I'll give you six beans for that cow.

Rob has spotted .... Actually, is there any point in my ever linking to Rob? Does anyone read my blog who doesn't already read his anyway? Well, it's something to do, I suppose. So, anyway, yes... he's spotted this rather wonderful story:

Woman sought in Magic Cheese scam


Oh yes.

A French woman, Madame Gilberte van Erpe, has pulled off one of the biggest cons in Chilean history. The Chileans are now trying to extradite her from Paris.

People were persuaded to buy a powder which they could allegedly turn into "Magic Cheese", said to make skin look younger and to be highly valuable.

....

According to the police in Santiago [Madame Gilberte van Erpe] told people that "Magic Cheese" was the latest fashion in France, where women used it as a skin cosmetic to fight the effects of ageing.


As Rob says, "it all sounded so convincingly plausible".

The fraud consisted of selling people packs of Yo Flex powder that was said to be the raw ingredient of the magic cream.

According to reports, victims of the scam believed they only had to mix the powder with milk, to ferment the "Magic Cheese".

They were told they could then sell the cheese to a company, which would export it to France, where it would be sold on to French women at a premium.
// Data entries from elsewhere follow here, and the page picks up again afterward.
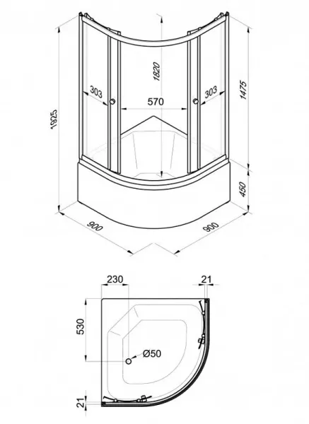 Высота поддона: 45 см, акрил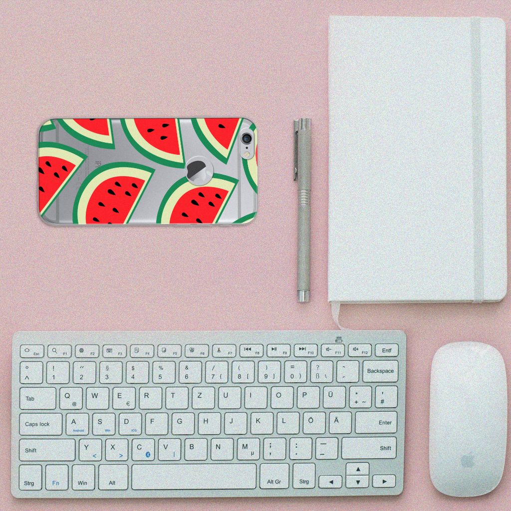 Watermeloenen zijn uitstekende dorstlessers, misschien dat je daarom juist in de zomermaanden extra enthousiast raakt van dit design hoesje Watermelons. Jij blijft gezond als je zo nu en dan een watermeloen neemt, jouw smartphone blijft in tact als je er deze Apple iPhone 6 Plus | 6s Plus Siliconen Case omheen doet. Deze tpu case wordt alleen aan de bovenkant bedrukt met watermeloenen is zeer flexibel. De randen van het hoesje blijven transparant. Je kunt ook kiezen voor andere soorten fruit op je hoesje. Kijk maar eens naar onze andere design hoesjes op onze website.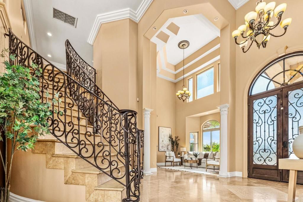 Located in Proctor Valleys most desirable neighborhood, this gated estate offers a rare opportunity to experience elevated living on a beautifully positioned corner parcel just over an acre. Surrounded by sweeping mountain vistas and open skies, the setting captures the essence of Jamul living while remaining just 10 minutes from Rancho San Diego and an easy 20-mile drive to Downtown San Diego. A grand arrival begins with impressive architectural presence and elegant wrought iron entry doors, opening to interiors defined by soaring ceilings, natural light, and timeless finishes. Rich travertine floors run throughout the main living areas, complementing the statement staircase and refined spaces that create an inviting yet sophisticated atmosphere. The formal living room is anchored by a custom precast concrete fireplace, while the formal dining area is framed by large windows that bring the outdoors in. Designed for both everyday comfort and entertaining, the open-concept layout seamlessly connects the main living areas. The kitchen is thoughtfully appointed with granite countertops, custom cabinetry, a walk-in pantry, and high-end appliances, flowing effortlessly into the family room and casual dining nook. The main-level primary suite offers a private retreat with tranquil views, a spacious walk-in closet, and a spa-inspired bath featuring a soaking tub and oversized shower. An additional bedroom on the first floor provides flexibility for guests or multigenerational living, while upstairs bedrooms share a full bath and include a dedicated workspace. Outdoors, the property transforms into a resort-style sanctuary. A custom rock pool with waterfall, slide, and raised spa is complemented by an outdoor kitchen, BBQ area, and expansive patio spaces designed for gathering and relaxation. Mature landscaping, including fifteen fruit and citrus trees, enhances the grounds, while a basketball court and open space offer flexibility for animals or a detached ADU. Additional features include owned solar, Tesla charger, a three-car garage, extended driveway, and full fencing for privacy and security. With no HOA, proximity to local wineries and golf, and a peaceful setting framed by natural beauty, this home delivers a lifestyle that feels both refined and effortless.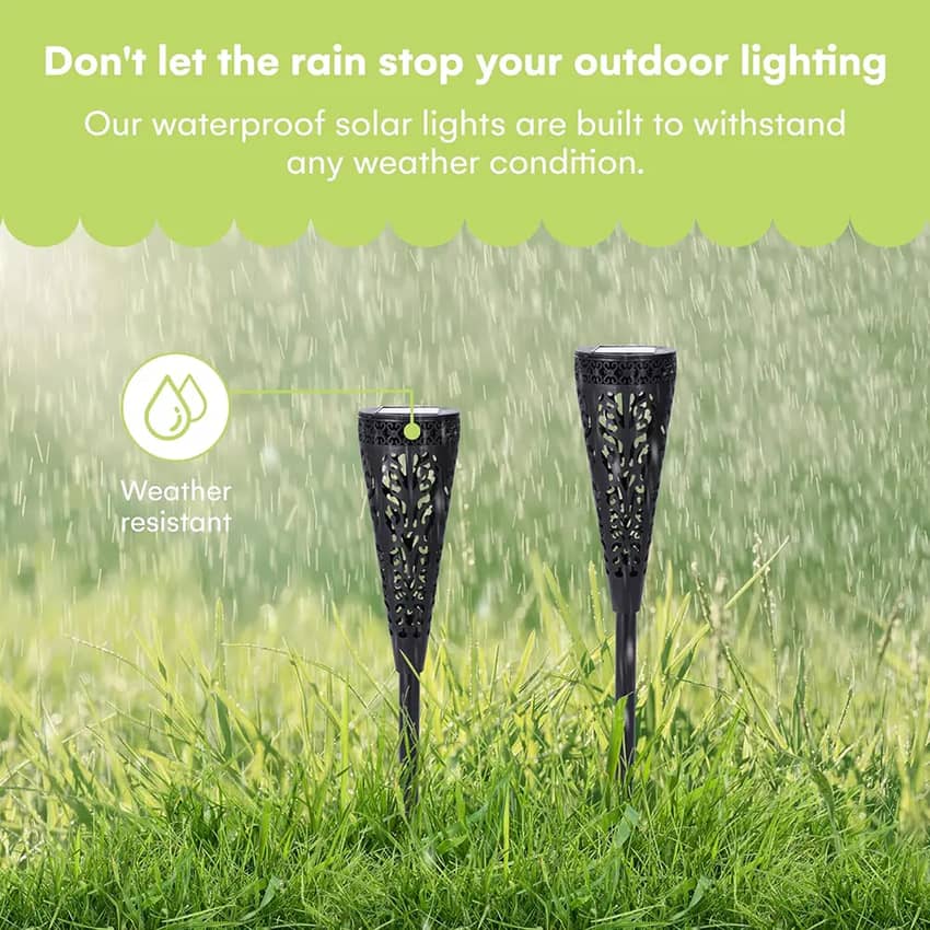 - Solar lights outdoor waterproof are made of high-quality material and are waterproof, ensuring they can withstand weather conditions. These solar powered outdoor lights are perfect for any outdoor space

For people to fall for this nonsense, they first had to believe three things: firstly, that women will put any old crap on their faces if the cosmetics industry tells them to; secondly, that the cosmetics industry is subject to really stupid fads; thirdly, that fashion-conscious French people are willing to pay through the nose to do stupid things. Hmm.
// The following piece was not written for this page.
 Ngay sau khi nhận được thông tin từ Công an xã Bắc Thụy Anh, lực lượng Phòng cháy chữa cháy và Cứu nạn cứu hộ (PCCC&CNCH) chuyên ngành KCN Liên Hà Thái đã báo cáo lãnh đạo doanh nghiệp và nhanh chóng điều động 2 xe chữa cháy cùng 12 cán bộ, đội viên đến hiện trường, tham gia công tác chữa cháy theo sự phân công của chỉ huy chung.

At the height of the scam, a pack of Yo Flex sold for $500, but chemical analysis determined that the powder was a food supplement used in Africa, with a street value of just $4.


Do food supplements have street value? I thought the whole point of street value was that it applies to things that can only be bought on the street, because they're illegal. Surely this stuff simply had a value. Unless, of course, this is an aspect of African culture I was unaware of: the thriving food supplement black market. I can just imagine being approached by a shady character in the streets of Niamey: "Psst! Buddy! Want to buy some riboflavin?"

But I digress.

More than 20,000 Peruvians and 6,000 Chileans were reportedly duped.


Bloody hell. That's a lot of people who believe that French women are stupid.